[Task brief] Below is a listing; restate from it, character for character, the lines beginning at the line holding "青年の姿をした水の宇宙人マナ" and ending at the line holding "مزود الطاقة Mean", both included.

[Supplied material]
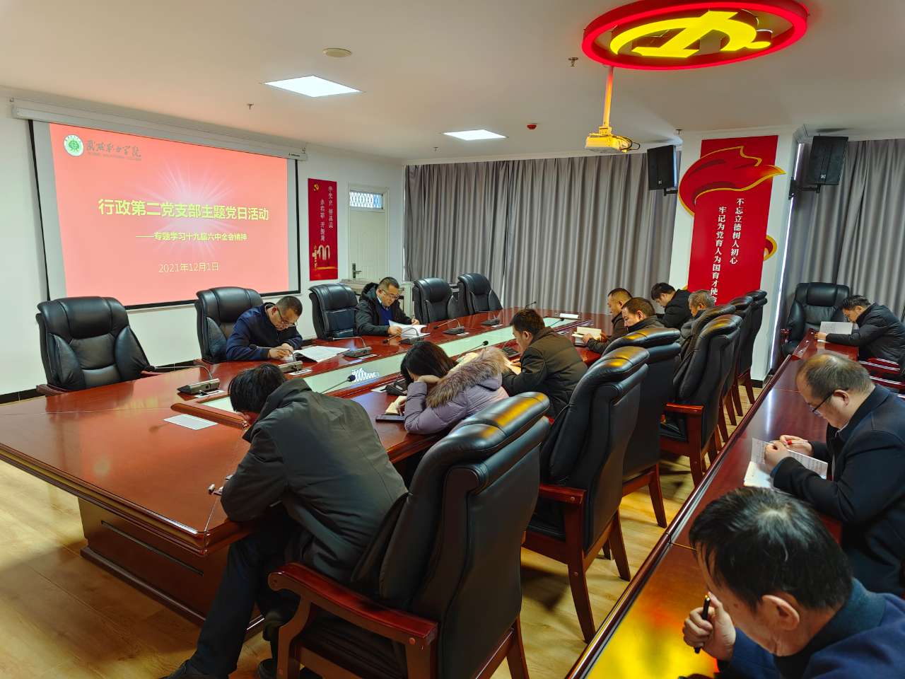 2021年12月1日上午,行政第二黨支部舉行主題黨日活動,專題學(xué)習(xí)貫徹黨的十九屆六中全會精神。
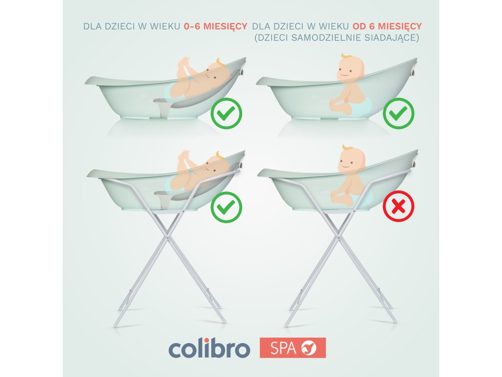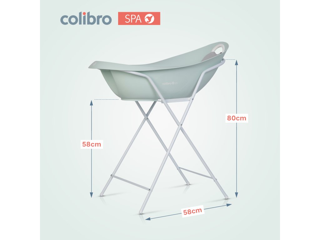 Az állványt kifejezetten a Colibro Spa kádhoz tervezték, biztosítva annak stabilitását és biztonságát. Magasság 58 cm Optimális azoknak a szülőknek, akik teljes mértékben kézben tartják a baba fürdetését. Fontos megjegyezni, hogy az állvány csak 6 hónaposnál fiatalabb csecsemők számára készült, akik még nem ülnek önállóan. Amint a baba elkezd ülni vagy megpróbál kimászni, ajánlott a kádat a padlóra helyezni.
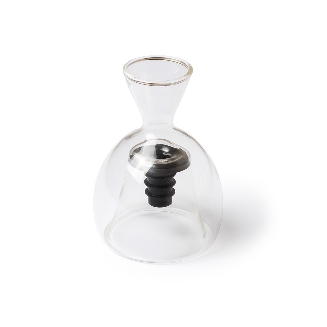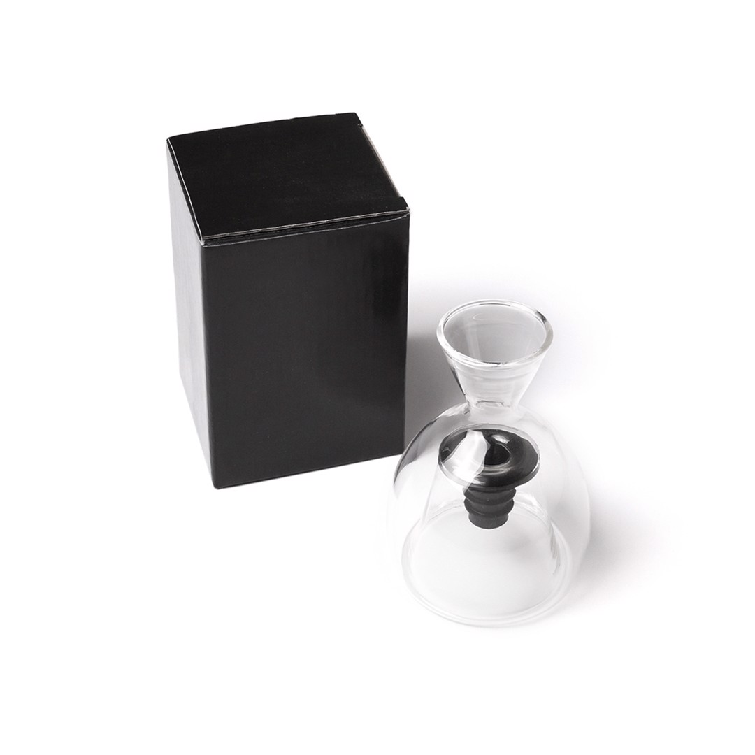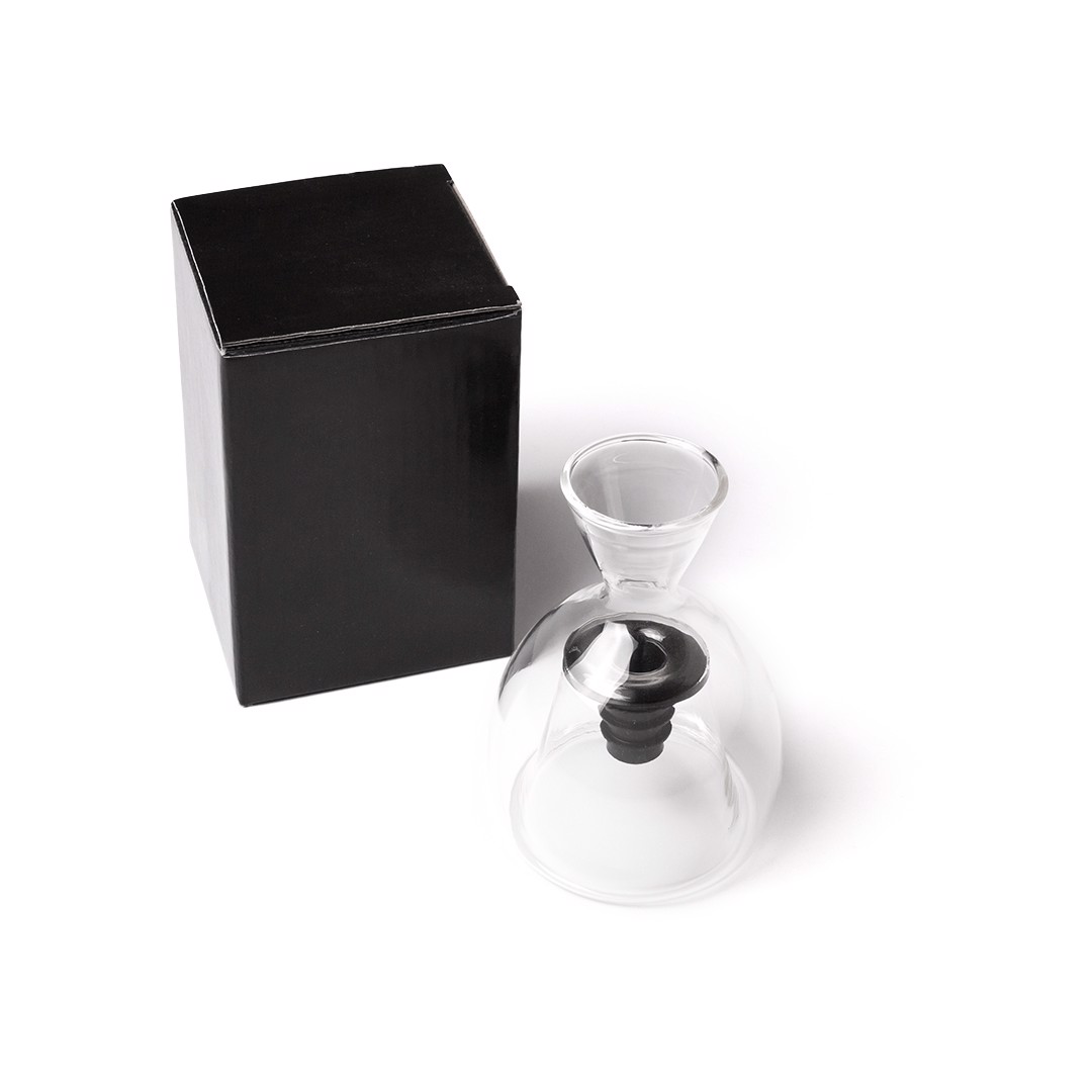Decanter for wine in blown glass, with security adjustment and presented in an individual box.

...

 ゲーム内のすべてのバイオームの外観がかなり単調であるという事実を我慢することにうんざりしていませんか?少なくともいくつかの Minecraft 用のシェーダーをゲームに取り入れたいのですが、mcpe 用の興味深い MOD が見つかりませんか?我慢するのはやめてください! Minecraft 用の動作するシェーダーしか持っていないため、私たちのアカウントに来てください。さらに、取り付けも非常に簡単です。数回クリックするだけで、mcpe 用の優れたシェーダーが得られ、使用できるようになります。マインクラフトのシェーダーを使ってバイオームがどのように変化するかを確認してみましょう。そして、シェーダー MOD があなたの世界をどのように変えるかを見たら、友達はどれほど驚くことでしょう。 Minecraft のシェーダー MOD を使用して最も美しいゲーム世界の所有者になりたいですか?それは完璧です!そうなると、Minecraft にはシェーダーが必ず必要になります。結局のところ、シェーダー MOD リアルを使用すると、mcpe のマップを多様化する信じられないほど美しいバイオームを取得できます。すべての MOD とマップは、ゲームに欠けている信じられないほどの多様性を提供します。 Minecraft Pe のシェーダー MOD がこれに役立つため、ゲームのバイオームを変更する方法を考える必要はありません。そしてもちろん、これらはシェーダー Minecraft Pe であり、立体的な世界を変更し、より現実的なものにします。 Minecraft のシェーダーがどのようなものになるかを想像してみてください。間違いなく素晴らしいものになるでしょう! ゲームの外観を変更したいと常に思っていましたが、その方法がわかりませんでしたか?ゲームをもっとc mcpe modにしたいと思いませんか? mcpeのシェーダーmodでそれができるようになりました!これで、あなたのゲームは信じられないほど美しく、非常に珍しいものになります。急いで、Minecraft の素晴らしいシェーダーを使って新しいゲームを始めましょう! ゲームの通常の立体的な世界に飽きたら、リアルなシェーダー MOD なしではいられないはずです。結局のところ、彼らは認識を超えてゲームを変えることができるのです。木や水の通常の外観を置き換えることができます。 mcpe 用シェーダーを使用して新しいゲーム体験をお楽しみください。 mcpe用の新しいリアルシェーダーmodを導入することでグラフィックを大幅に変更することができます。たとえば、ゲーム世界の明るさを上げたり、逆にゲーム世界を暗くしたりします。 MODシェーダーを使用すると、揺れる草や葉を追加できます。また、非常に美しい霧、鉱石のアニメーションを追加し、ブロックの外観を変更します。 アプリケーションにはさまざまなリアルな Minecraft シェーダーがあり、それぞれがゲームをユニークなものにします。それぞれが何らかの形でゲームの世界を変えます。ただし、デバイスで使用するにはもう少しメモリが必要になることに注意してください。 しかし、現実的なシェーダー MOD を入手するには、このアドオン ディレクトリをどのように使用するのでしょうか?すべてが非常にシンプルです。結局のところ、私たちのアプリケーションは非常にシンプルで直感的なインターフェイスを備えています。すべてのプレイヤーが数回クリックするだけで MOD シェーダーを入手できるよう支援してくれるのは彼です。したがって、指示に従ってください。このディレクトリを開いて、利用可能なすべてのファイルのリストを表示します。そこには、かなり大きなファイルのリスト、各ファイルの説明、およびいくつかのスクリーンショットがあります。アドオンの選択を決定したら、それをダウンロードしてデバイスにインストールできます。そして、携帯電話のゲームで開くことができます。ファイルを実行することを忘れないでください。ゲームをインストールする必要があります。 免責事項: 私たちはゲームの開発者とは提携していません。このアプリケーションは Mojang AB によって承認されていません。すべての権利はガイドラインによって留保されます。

--

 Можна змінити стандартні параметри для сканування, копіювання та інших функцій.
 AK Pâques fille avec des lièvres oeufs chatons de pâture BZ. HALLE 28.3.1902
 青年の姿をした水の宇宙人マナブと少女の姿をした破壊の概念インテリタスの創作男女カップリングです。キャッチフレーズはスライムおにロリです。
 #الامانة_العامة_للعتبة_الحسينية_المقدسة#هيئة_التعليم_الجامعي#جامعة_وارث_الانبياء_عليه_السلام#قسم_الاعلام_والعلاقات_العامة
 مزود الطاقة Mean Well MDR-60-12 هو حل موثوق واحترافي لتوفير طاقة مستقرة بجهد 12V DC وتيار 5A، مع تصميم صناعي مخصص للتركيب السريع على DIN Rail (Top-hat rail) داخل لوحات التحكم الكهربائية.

[Answer area]
 青年の姿をした水の宇宙人マナブと少女の姿をした破壊の概念インテリタスの創作男女カップリングです。キャッチフレーズはスライムおにロリです。
 #الامانة_العامة_للعتبة_الحسينية_المقدسة#هيئة_التعليم_الجامعي#جامعة_وارث_الانبياء_عليه_السلام#قسم_الاعلام_والعلاقات_العامة
 مزود الطاقة Mean Well MDR-60-12 هو حل موثوق واحترافي لتوفير طاقة مستقرة بجهد 12V DC وتيار 5A، مع تصميم صناعي مخصص للتركيب السريع على DIN Rail (Top-hat rail) داخل لوحات التحكم الكهربائية.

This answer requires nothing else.